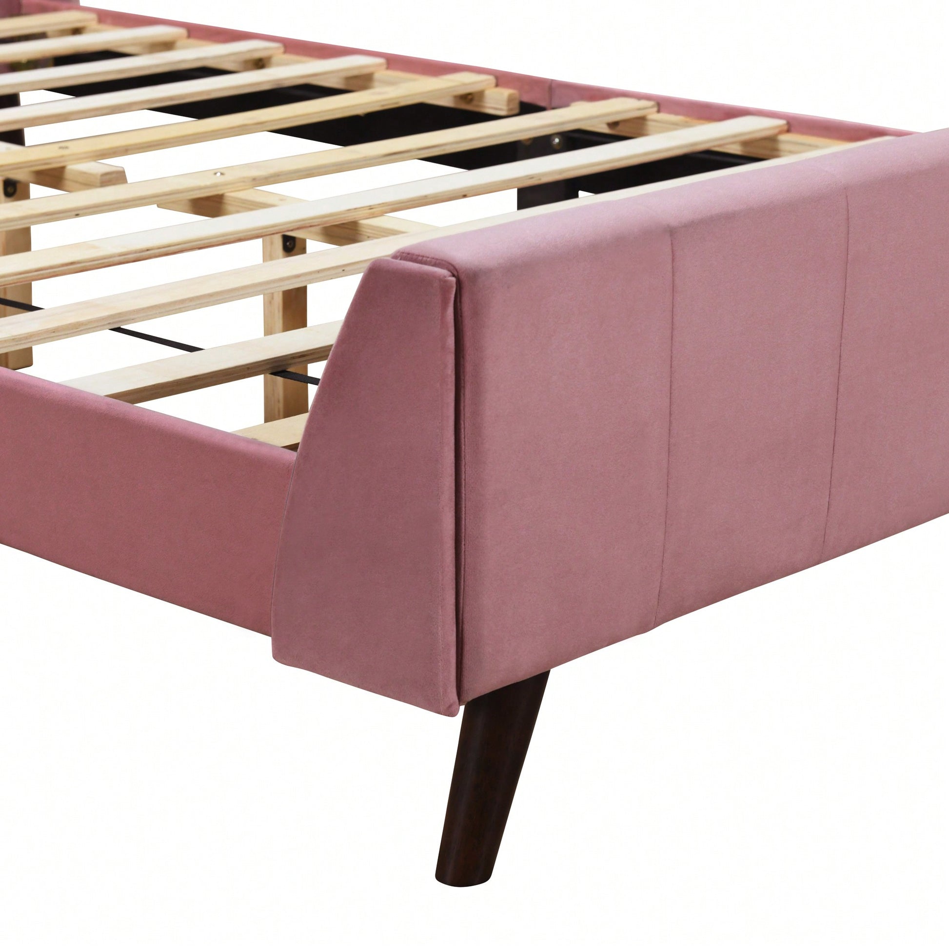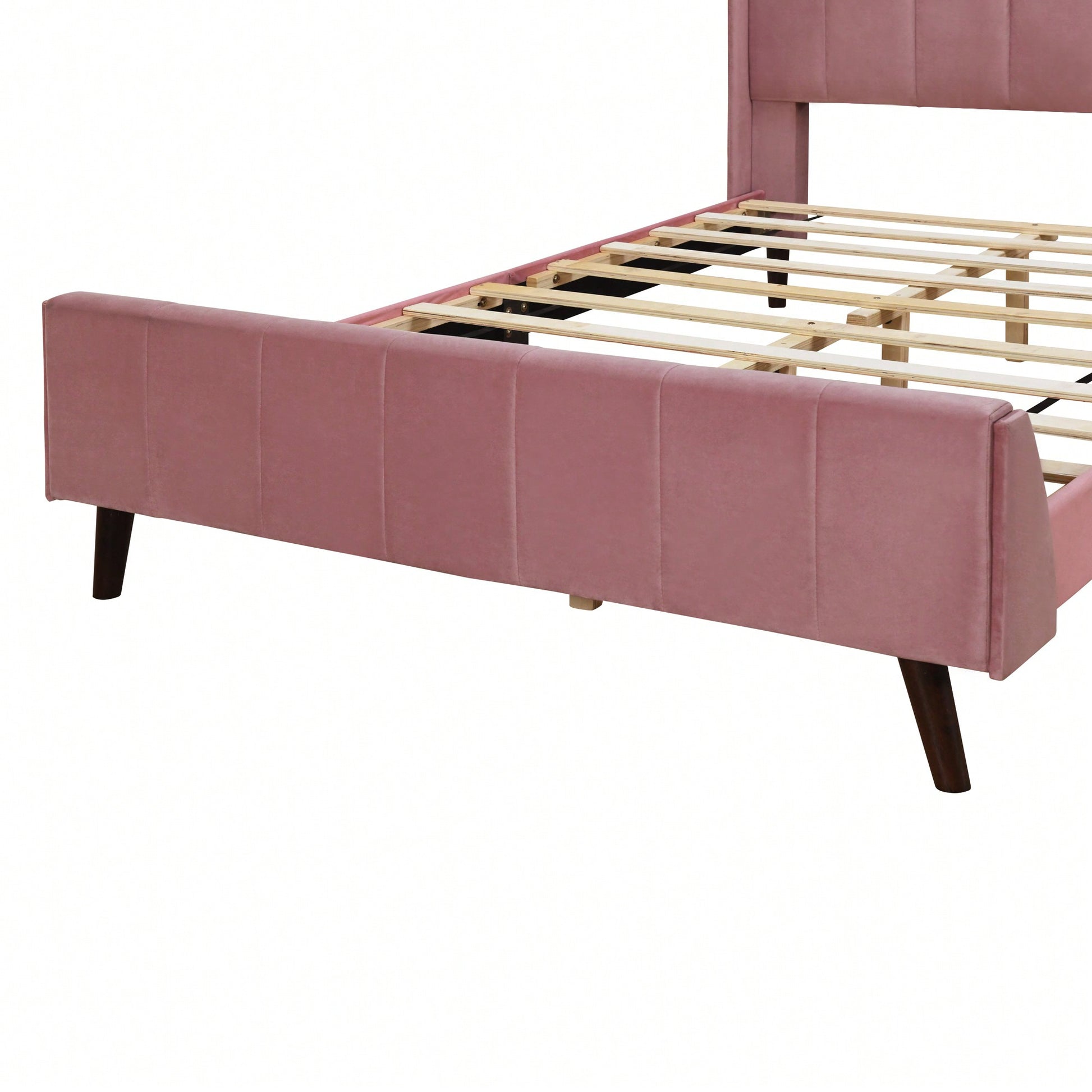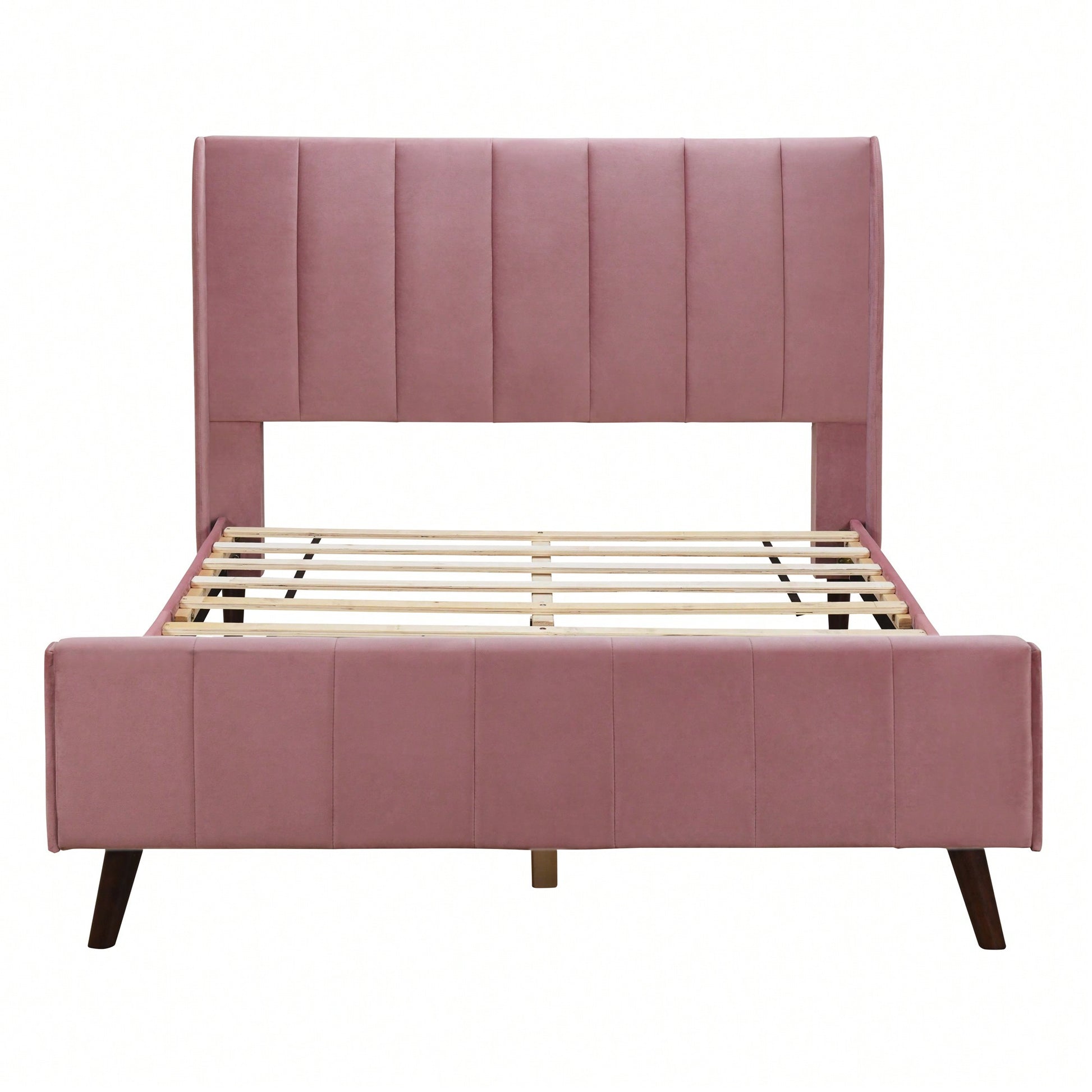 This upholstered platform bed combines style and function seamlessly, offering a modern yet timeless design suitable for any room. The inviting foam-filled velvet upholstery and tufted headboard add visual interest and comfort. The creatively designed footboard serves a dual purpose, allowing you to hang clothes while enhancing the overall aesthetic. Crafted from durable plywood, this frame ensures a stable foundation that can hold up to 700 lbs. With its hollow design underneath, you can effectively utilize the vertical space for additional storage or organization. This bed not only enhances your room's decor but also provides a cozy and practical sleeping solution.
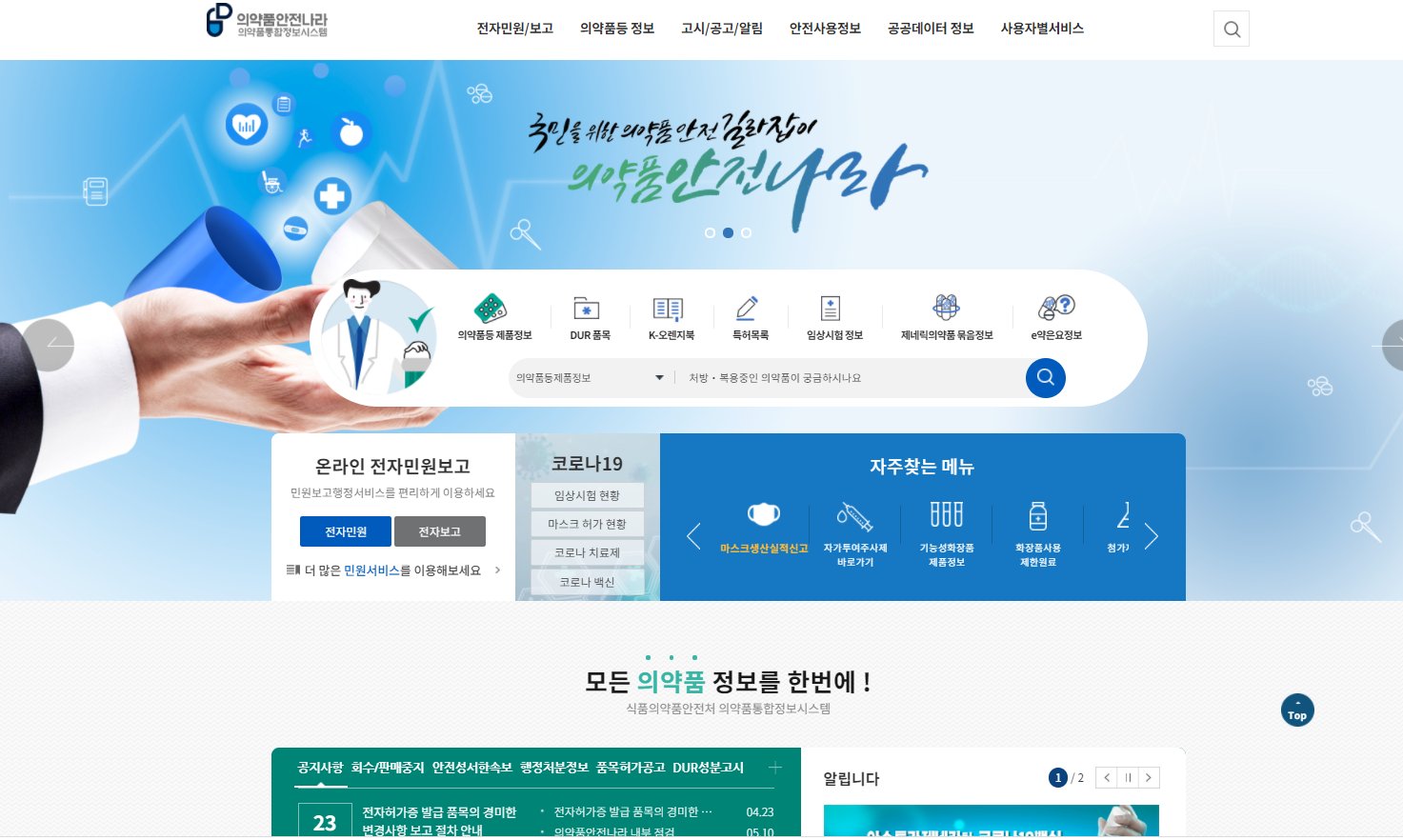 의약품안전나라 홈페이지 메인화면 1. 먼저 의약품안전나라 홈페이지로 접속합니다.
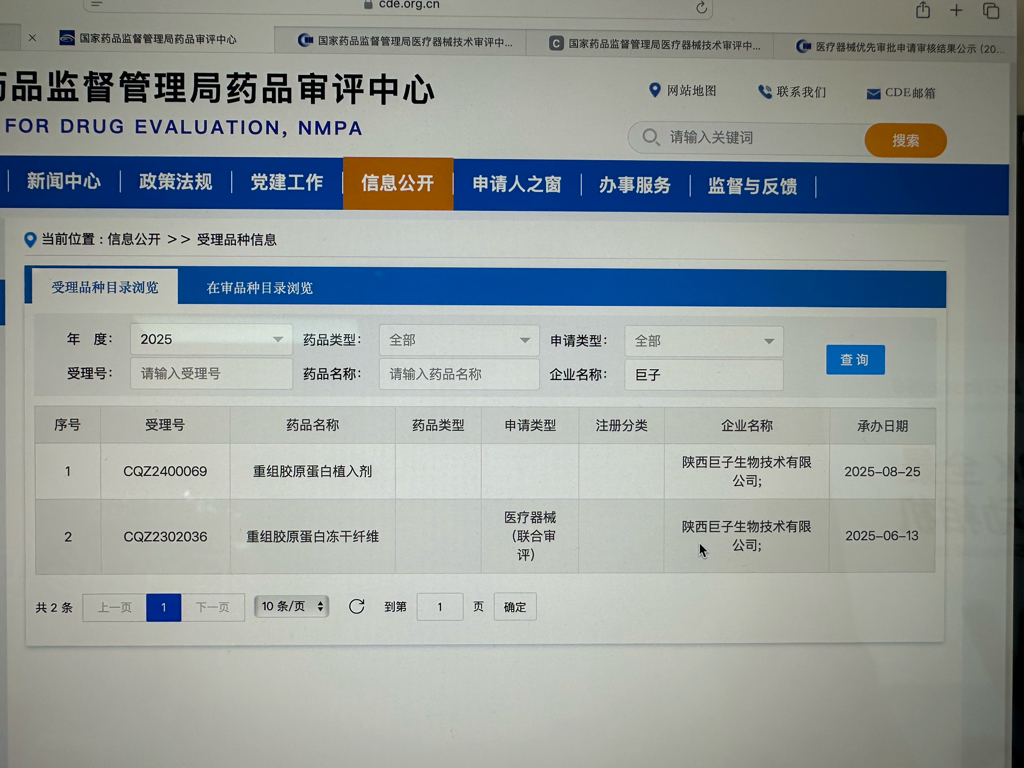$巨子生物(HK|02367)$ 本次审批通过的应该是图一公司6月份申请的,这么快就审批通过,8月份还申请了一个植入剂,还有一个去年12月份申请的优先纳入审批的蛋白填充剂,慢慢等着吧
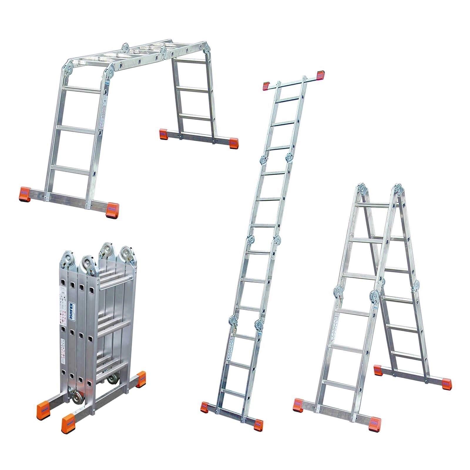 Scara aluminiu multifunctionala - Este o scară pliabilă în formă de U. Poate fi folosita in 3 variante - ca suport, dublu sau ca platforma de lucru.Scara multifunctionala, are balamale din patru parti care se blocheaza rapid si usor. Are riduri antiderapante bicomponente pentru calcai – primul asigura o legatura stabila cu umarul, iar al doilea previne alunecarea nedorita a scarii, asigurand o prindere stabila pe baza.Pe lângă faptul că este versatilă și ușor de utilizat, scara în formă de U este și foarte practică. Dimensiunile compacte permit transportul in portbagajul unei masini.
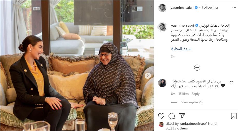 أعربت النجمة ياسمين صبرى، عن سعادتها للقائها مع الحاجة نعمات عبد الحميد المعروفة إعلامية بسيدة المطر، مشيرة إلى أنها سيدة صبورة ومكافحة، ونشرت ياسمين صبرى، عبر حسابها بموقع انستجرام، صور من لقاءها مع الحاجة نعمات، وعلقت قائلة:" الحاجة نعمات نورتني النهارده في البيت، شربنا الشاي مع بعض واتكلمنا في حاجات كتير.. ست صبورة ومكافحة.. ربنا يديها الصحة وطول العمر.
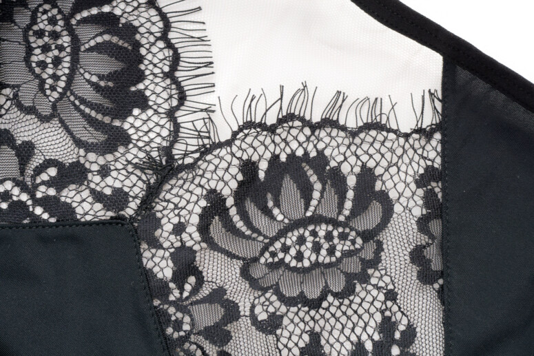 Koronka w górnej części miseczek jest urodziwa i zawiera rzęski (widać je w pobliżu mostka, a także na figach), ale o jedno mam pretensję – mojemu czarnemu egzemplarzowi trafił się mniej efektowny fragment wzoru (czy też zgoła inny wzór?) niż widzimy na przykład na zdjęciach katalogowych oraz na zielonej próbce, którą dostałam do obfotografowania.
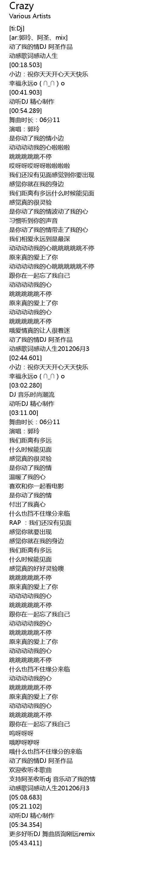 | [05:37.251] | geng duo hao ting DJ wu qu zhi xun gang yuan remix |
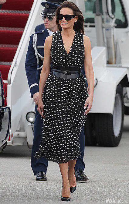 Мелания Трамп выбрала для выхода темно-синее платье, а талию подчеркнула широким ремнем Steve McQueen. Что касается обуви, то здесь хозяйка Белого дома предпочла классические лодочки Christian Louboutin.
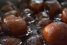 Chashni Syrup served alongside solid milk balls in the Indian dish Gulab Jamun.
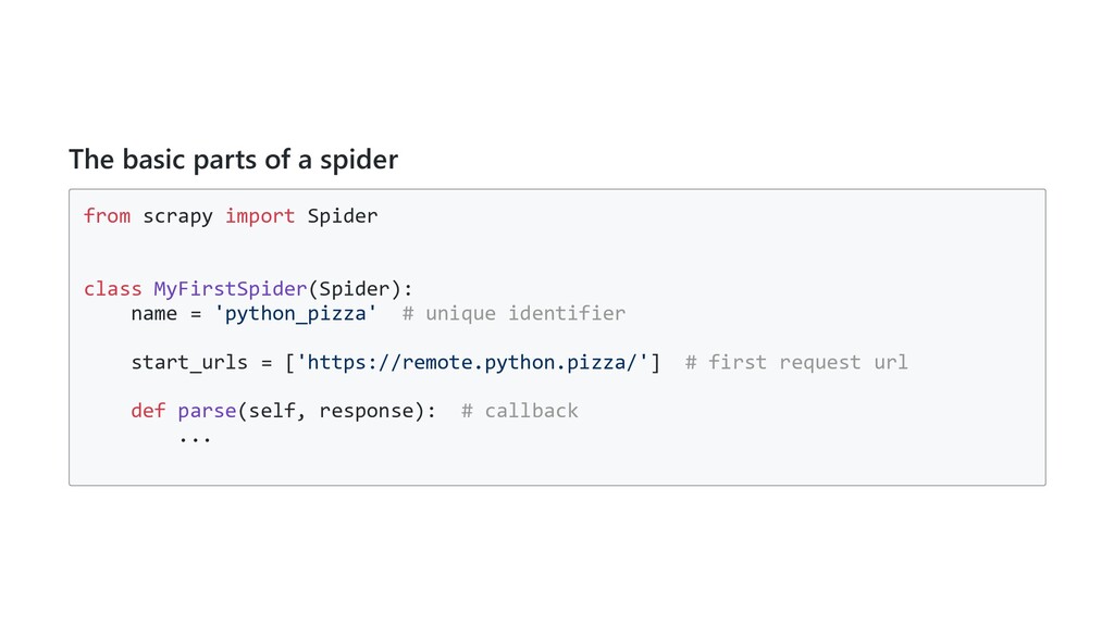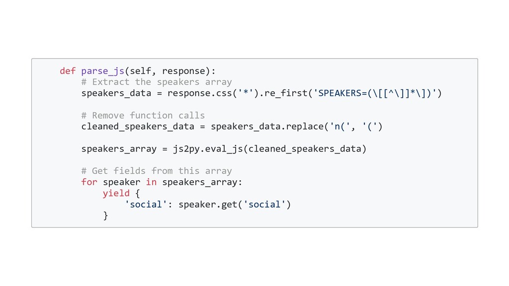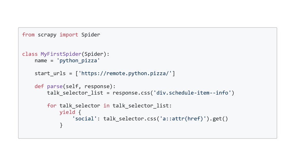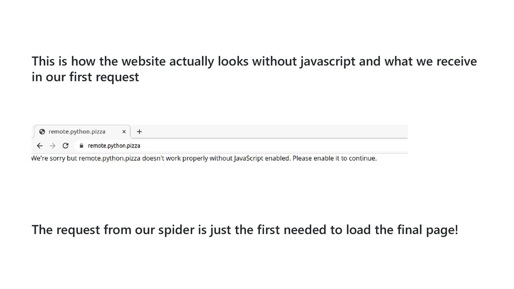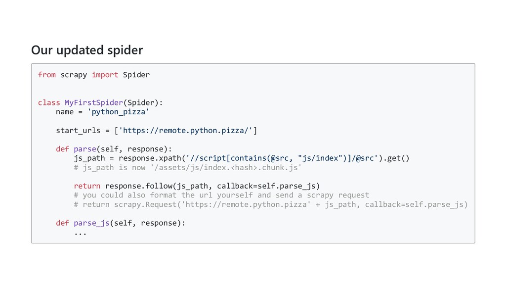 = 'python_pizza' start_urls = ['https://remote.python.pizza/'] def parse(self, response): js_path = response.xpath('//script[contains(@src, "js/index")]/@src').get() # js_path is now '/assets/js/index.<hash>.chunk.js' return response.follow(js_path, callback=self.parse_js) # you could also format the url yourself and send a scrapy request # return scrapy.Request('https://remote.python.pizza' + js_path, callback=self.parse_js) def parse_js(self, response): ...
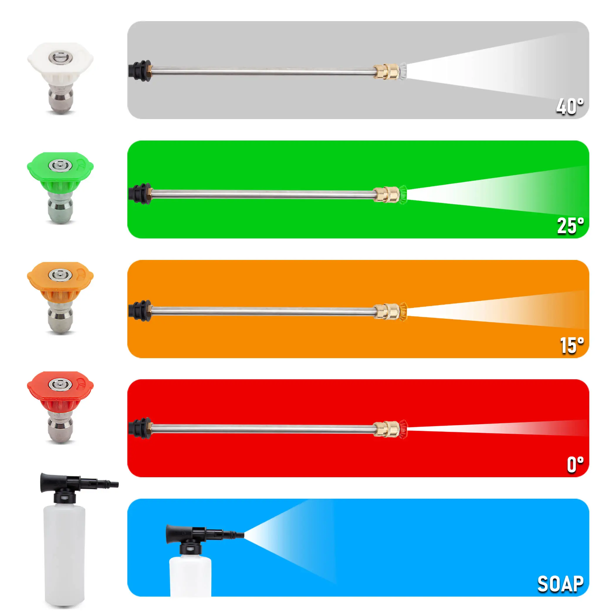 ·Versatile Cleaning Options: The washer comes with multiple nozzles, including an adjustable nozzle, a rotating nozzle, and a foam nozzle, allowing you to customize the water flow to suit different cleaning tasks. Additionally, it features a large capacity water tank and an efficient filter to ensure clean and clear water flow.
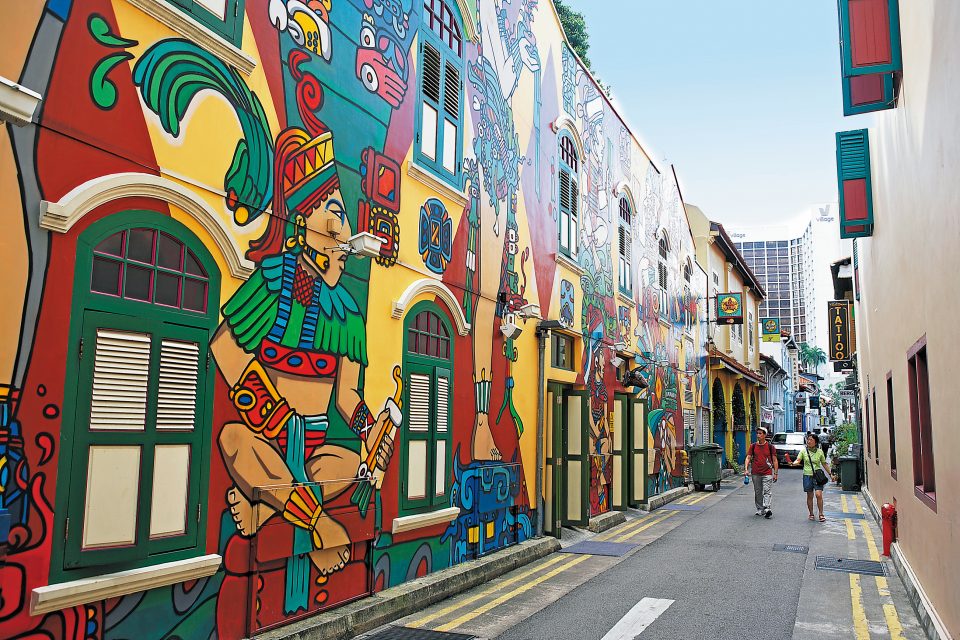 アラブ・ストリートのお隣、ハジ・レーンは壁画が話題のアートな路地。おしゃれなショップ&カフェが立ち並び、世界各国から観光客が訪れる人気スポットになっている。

● Work instructions: Reproduce the whole listing above word for word, dropping each image.

● Problem solution:
 This upholstered platform bed combines style and function seamlessly, offering a modern yet timeless design suitable for any room. The inviting foam-filled velvet upholstery and tufted headboard add visual interest and comfort. The creatively designed footboard serves a dual purpose, allowing you to hang clothes while enhancing the overall aesthetic. Crafted from durable plywood, this frame ensures a stable foundation that can hold up to 700 lbs. With its hollow design underneath, you can effectively utilize the vertical space for additional storage or organization. This bed not only enhances your room's decor but also provides a cozy and practical sleeping solution.
 의약품안전나라 홈페이지 메인화면 1. 먼저 의약품안전나라 홈페이지로 접속합니다.
$巨子生物(HK|02367)$ 本次审批通过的应该是图一公司6月份申请的,这么快就审批通过,8月份还申请了一个植入剂,还有一个去年12月份申请的优先纳入审批的蛋白填充剂,慢慢等着吧
 Scara aluminiu multifunctionala - Este o scară pliabilă în formă de U. Poate fi folosita in 3 variante - ca suport, dublu sau ca platforma de lucru.Scara multifunctionala, are balamale din patru parti care se blocheaza rapid si usor. Are riduri antiderapante bicomponente pentru calcai – primul asigura o legatura stabila cu umarul, iar al doilea previne alunecarea nedorita a scarii, asigurand o prindere stabila pe baza.Pe lângă faptul că este versatilă și ușor de utilizat, scara în formă de U este și foarte practică. Dimensiunile compacte permit transportul in portbagajul unei masini.
 أعربت النجمة ياسمين صبرى، عن سعادتها للقائها مع الحاجة نعمات عبد الحميد المعروفة إعلامية بسيدة المطر، مشيرة إلى أنها سيدة صبورة ومكافحة، ونشرت ياسمين صبرى، عبر حسابها بموقع انستجرام، صور من لقاءها مع الحاجة نعمات، وعلقت قائلة:" الحاجة نعمات نورتني النهارده في البيت، شربنا الشاي مع بعض واتكلمنا في حاجات كتير.. ست صبورة ومكافحة.. ربنا يديها الصحة وطول العمر.
 Koronka w górnej części miseczek jest urodziwa i zawiera rzęski (widać je w pobliżu mostka, a także na figach), ale o jedno mam pretensję – mojemu czarnemu egzemplarzowi trafił się mniej efektowny fragment wzoru (czy też zgoła inny wzór?) niż widzimy na przykład na zdjęciach katalogowych oraz na zielonej próbce, którą dostałam do obfotografowania.
 | [05:37.251] | geng duo hao ting DJ wu qu zhi xun gang yuan remix |
 Мелания Трамп выбрала для выхода темно-синее платье, а талию подчеркнула широким ремнем Steve McQueen. Что касается обуви, то здесь хозяйка Белого дома предпочла классические лодочки Christian Louboutin.
 Chashni Syrup served alongside solid milk balls in the Indian dish Gulab Jamun.
 = 'python_pizza' start_urls = ['https://remote.python.pizza/'] def parse(self, response): js_path = response.xpath('//script[contains(@src, "js/index")]/@src').get() # js_path is now '/assets/js/index.<hash>.chunk.js' return response.follow(js_path, callback=self.parse_js) # you could also format the url yourself and send a scrapy request # return scrapy.Request('https://remote.python.pizza' + js_path, callback=self.parse_js) def parse_js(self, response): ...
 ·Versatile Cleaning Options: The washer comes with multiple nozzles, including an adjustable nozzle, a rotating nozzle, and a foam nozzle, allowing you to customize the water flow to suit different cleaning tasks. Additionally, it features a large capacity water tank and an efficient filter to ensure clean and clear water flow.
 アラブ・ストリートのお隣、ハジ・レーンは壁画が話題のアートな路地。おしゃれなショップ&カフェが立ち並び、世界各国から観光客が訪れる人気スポットになっている。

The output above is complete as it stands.